How To Spot And What To Do About The Political Moves Of Private Equity

A Democratic Donkey icon and a Republican Elephant icon face off toward a dollar sign

By John A. Tures, Professor of Political Science, LaGrange College

What was the scariest media event of last two years? Some might say Stephen King’s “The Long Walk” or the mew adaptation of “The Running Man,” or “Salem’s Lot.” Others go for “Black Phone 2” or perhaps “Smile 2.” But for my money, the most terrifying of them all was Gretchen Morgenson’s book These Are The Plunderers. This NBC reporter and her Wall Street coauthor Joshua Rosner document the economic and growing political power of private equity.

In my article “The Power of Private Equity in American Politics,” I told you about private equity. For supporters, these firms are rescuers of struggling companies. For critics, they adopt a “buy, strip and flip” method that leaves the companies worse off than before. And there’s increasing evidence that private equity is seeking a new takeover target, the American political system.

These Are the Plunderers traces the thirty-year history of corporate takeovers in America and private equity’s increasing dominance,” writes Simon and Schuster, their publisher. “Morgenson and Rosner investigate some of the biggest names in private equity, exposing how they buy companies, load them with debt, and then bleed them of assets and profits. All while prosecutors and regulators stand idly by.”

Here are more scary conclusions from Morgenson and Rosner’s book. “The authors show how companies absorbed by private equity have worse outcomes for everyone but the financiers: employees are more likely to lose their jobs or their benefits; companies are more likely to go bankrupt; patients are more likely to have higher healthcare costs; residents of nursing homes are more likely to die faster; towns struggle when private equity buys their main businesses, crippling the local economy; and school teachers, firefighters, medical technicians, and other public workers are more likely to have lower returns on their pensions because of the fees private equity extracts from their investments. In other words: we are all worse off because of private equity.”

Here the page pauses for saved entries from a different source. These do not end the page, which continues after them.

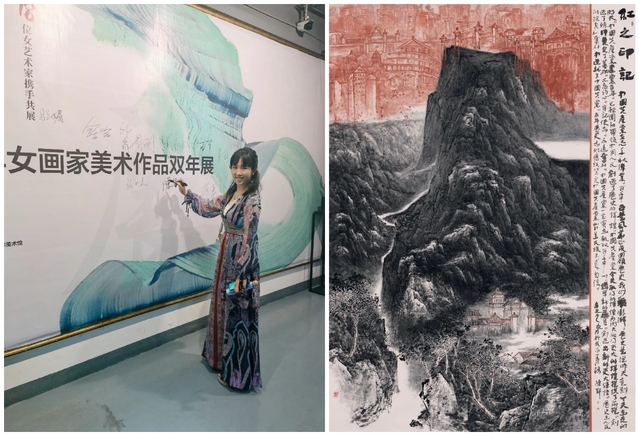 陈郢副教授的《红之印记》(240×160cm,纸本水墨)、马彩霞的《伫2》(80×180cm,纸本工笔)参展“她力量——湖北省首届高校青年女画家美术作品双年展”,呈现了学院教师的创作能力、专业水平和业界影响力,激发了广大青年教师的创作潜能,激励了美术学专业学子的创作热情,促进了美术学专业发展。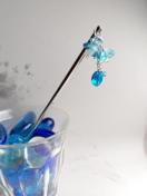 小さなガラスの小花を添えた1本軸のかんざしです。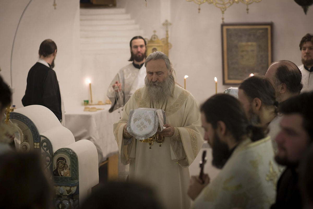 По окончании Литургии владыка Феогност поздравил молящихся с освящением храмового придела и обратился к собравшимся с архипастырским словом.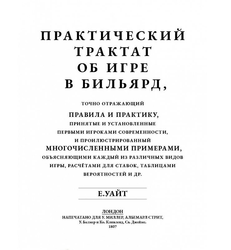 Вашему вниманию представляется уникальное подарочное издание о бильярде в кожаном переплете ручной работы. Это перевод на русский язык фундаментального труда Э. Уайта «A Practical Treatise on the Game of Billiards», впервые опубликованного в 1807 году. Данная работа занимает важное место в истории бильярдной литературы, наряду с анонимным английским пособием «The Game of Billiards», увидевшим свет в 1801 году.

The free market group Cato Institute take issue with the book’s claims. “No citations were readily available for these transformational claims,” writes Vern McKinley. “No discussion is offered of other factors contributing to these factors, like the ever-expanding presence of government in healthcare. Another case where details were lacking is Morgenson and Rosner’s critique of the private equity industry’s defense: ‘One of its claims: Private equity is improving healthcare. Reams of unbiased academic research and a rising number of practitioners say otherwise.’”

McKinley does note that the authors cite a study, “but it’s done by from the progressive group Americans for Financial Reform, a collection of self-appointed consumer and labor groups as well as other special interest groups. But the report is a position paper and not a serious analysis balancing the causal factors for these business failures, allocated between online shopping, the private equity industry’s leveraging of the businesses pre-bankruptcy, and additional factors. Morgenson and Rosner blame private equity for the firms’ financial troubles, presenting the case studies as if the businesses were in fine shape before their buyouts.”

I found that the authors do cite key research on private equity and their impact on their purchases. In an interview with Michael J. Sacopulos with the American Association for Physician Leadership (AAPL), Morgenson claims “Well, the most stunning study, the really most arresting study was one that came out in 2021, I believe, from academics from NYU, University of Chicago, which you mentioned a bit ago, who found that a longitudinal look at nursing homes that are owned by private equity companies, they found that mortality rates were 10% higher in nursing homes owned by private equity than in nursing homes owned by other entities, which even included other for-profit entities. And so, this was a really a damning study because it looked at the most important outcome of all, the life and death outcome, and it found that mortality rates were higher. Some 20,000 lives were lost at private equity owned nursing homes; the study found.”

But what is the political impact of private equity? In my last article “The Power Of Private Equity In American Politics,” I cite research showing that companies start lobbying and taking positions resembling that of the private equity leaders who purchase them. But there’s more. Mother Jones’ publication showed us in 2022 which politicians were connected to private equity. Ten of them were Republicans, while 22 of them were Democrats, demonstrating how the private equity power is bipartisan.

So what does private equity in politics want?

According to “The Good Lobby” from Europe, “the US, companies in the financial sector face even more stringent pay-to-play regulations than other industries. This means for example that many investor relations practices are considered lobbying and face stricter limits on revolving door, political finance and hospitality practices than lobbyists in other sectors.”

So what are the impact of these “pay to play” regulations? As Zachary G. Parks and Derek Lawlor write in Inside Political Law “Perhaps no industry faces more scrutiny and regulation of its political activities than the financial industry. These rules are often not intuitive and failure to comply with them can result in big penalties, loss of business, and debilitating reputational consequences.”

Parks and Lawlor add “Most investment firms by now are aware of the complex pay-to-play regulations that restrict the ability of the firms and certain of their employees to make political contributions. But even firms well-versed in these restrictions might overlook some of the nuances and risks presented by this complicated patchwork of laws and regulations.” They add that such laws not only come from Security and Exchange Commission (SEC) regulations made in the wake of the Great Recession, in 2010, as well as state and local governments and even public investment funds have their own rules on pay-for-play political contributions made by private equity and fund workers.

Before some private equity companies can run our lives completely, they need to get rid of those ‘pesky” regulations that are protecting our political system from control by a few. But watch out. Such lobbying efforts are likely to involve “Quiet Politics” which Pepper Culpepper finds which are quiet in that they won’t make headlines or lead the morning broadcasts, goodlobby.eu adds.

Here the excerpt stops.